Input data
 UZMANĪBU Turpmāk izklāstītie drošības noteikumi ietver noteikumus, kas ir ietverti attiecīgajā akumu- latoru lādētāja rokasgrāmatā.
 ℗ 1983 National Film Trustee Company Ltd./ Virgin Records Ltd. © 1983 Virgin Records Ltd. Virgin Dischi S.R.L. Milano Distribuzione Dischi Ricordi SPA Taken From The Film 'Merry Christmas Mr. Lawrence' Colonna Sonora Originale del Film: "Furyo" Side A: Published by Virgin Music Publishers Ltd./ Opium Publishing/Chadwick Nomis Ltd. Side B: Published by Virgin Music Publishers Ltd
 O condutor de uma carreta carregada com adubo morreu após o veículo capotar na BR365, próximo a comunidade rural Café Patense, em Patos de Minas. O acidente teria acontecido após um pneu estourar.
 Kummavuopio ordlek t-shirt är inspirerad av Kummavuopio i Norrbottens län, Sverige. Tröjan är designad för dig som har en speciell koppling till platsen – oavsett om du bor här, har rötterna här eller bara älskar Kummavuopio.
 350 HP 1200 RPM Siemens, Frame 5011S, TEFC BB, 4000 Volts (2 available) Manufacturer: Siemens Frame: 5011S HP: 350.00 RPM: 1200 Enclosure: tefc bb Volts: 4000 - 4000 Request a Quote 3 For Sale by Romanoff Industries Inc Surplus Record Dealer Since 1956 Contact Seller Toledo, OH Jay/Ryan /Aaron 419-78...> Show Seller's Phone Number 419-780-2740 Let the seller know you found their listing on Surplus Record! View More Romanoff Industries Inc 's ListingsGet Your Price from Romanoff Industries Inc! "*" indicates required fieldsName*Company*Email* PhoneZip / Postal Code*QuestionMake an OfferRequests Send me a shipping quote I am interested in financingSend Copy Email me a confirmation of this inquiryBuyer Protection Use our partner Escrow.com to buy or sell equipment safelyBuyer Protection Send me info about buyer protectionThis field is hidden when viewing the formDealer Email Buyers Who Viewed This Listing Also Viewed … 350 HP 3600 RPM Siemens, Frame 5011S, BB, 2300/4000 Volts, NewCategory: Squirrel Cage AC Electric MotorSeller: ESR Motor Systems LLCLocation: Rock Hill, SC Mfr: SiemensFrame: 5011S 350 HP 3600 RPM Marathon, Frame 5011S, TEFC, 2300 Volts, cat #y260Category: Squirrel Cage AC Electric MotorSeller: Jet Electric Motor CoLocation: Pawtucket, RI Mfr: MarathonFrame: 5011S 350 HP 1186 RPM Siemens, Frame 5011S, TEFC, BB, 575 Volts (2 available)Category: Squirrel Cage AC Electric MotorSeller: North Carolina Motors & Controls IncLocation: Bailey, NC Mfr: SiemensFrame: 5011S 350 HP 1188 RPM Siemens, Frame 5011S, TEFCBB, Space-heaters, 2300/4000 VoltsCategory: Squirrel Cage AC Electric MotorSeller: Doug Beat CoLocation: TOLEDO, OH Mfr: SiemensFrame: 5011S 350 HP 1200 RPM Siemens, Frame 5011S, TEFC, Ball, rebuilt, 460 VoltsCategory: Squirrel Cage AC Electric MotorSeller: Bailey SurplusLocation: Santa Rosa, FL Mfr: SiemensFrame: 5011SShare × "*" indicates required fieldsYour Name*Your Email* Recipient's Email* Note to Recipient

Instructions to follow
Taking the material above, extract exactly and only the lines from the line with "O condutor de" to the line with "Kummavuopio ordlek t-shirt", inclusive of both.

Response to the task
 O condutor de uma carreta carregada com adubo morreu após o veículo capotar na BR365, próximo a comunidade rural Café Patense, em Patos de Minas. O acidente teria acontecido após um pneu estourar.
 Kummavuopio ordlek t-shirt är inspirerad av Kummavuopio i Norrbottens län, Sverige. Tröjan är designad för dig som har en speciell koppling till platsen – oavsett om du bor här, har rötterna här eller bara älskar Kummavuopio.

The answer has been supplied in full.